3. Vertical Scaling & Clustering We fundamentally changed our deployment strategy. Running 100 small pods was inefficient; we were wasting resources on 100 separate Node.js runtimes and OS overhead.

We shifted to a Vertical Scaling model using Node.js Clustering:

Architecture: We consolidated into larger pods. Each pod runs 10 concurrent processes.
Load Balancing: This allows us to use a Least Connections strategy internally. Traffic is routed to the worker process that is free, rather than blindly sending requests to a busy worker.

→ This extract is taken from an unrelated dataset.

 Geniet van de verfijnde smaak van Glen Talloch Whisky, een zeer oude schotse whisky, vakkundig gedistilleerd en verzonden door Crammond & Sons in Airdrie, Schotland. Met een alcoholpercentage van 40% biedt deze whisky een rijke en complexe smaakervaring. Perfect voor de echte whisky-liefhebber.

The Business Impact: Radical Efficiency

These changes transformed our operations. We moved from a defensive, over-provisioned infrastructure to a lean, resilient one.

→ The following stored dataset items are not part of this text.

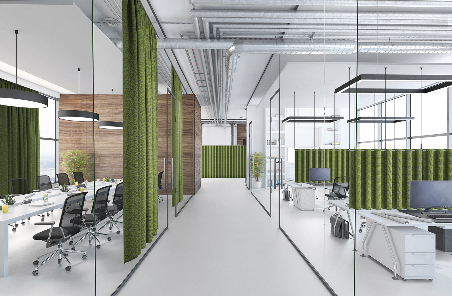 De interactie tussen de Fiber weefsels en de lucht eromheen stelt ons in staat om de nagalmtijd te beheersen. Van belang hierbij is dat er per ruimte aandacht wordt besteed aan de aanwezige akoestische eigenschappen. Voor het bepalen van de juiste toepassing zijn met name de postie in de ruimte, de oppervlaktestructuur van de toe te passen stof en de afstand tot de wanden van belang.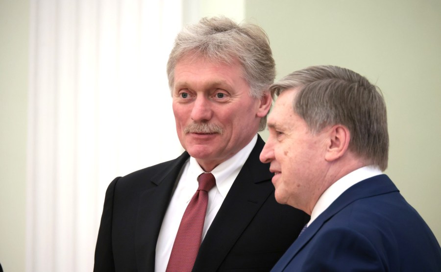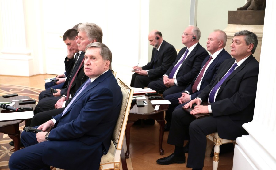 4 Chef de cabinet adjoint du bureau exécutif présidentiel, secrétaire de presse présidentiel Dmitri Peskov et aide au président Iouri Ouchakov, à droite, avant les pourparlers. Photo: Mikhaïl Metzel
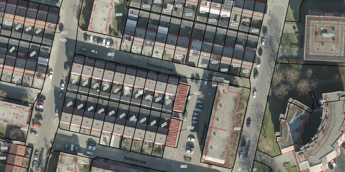Donizettistraat 2 is gelegen op kadastraal perceel AML01I4099. Deze kadastrale aanduiding is uniek en wordt gebruikt door het Kadaster om eigendomsrechten en andere zakelijke rechten vast te leggen. Het perceel maakt onderdeel uit van de kadastrale gemeente Ambt-Almelo.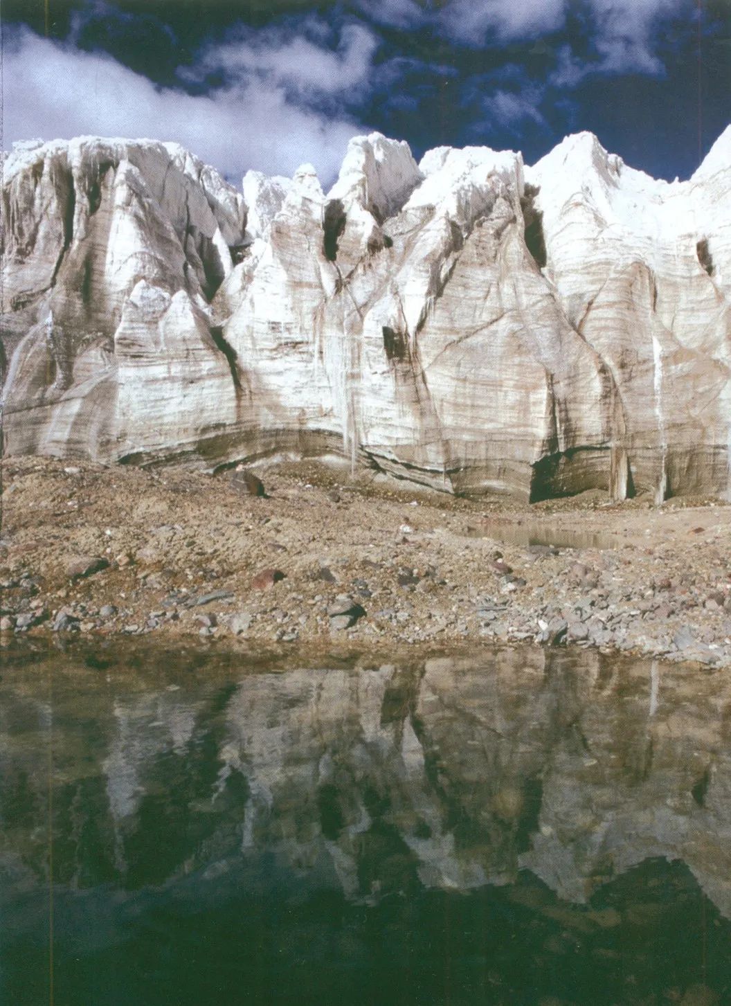 奇异的冰川世界,千姿百态,晶莹夺目。冰川尾部形成的冰塔林,犹如千万顶白色帐房,远远眺望,景色十分壮观。丰富的冰雪融水汇集成无数条涓涓细流,蜿蜒交错,大小湖泊熠熠发光。

Resource Consolidation (The Comparison)

Before (The “Reactive” Scale):
- 100 Pods (1 vCPU / 2GB RAM each)
- Total Resources: 100 vCPUs / 200 GB RAM
- Status: Unstable, Expensive.
After (The “Resilient” Scale):
- 2 Pods (10 vCPUs / 6GB RAM each)
- Total Resources: 20 vCPUs / 12 GB RAM
- Status: Stable, Cost-Effective.

The ROI We achieved an 80% reduction in CPU and 94% reduction in RAM allocation.

Cost Reduction: Monthly infrastructure spend dropped from €1,700 to €700.
Stability: In subsequent attacks (leaking 6,000 RPS), the system did not crash. It degraded gracefully by tripping circuit breakers.

Conclusion

At kleinanzeigen.de, we learned that stability at scale is not just about writing faster code. It is about managing dependency and resource efficiency.

We assumed that downstream services will fail. We optimized our Node.js runtime to handle that pressure without locking up. By doing this, we turned a weekly crisis into a managed background event.

Reliability is not an accident. It is an architectural feature.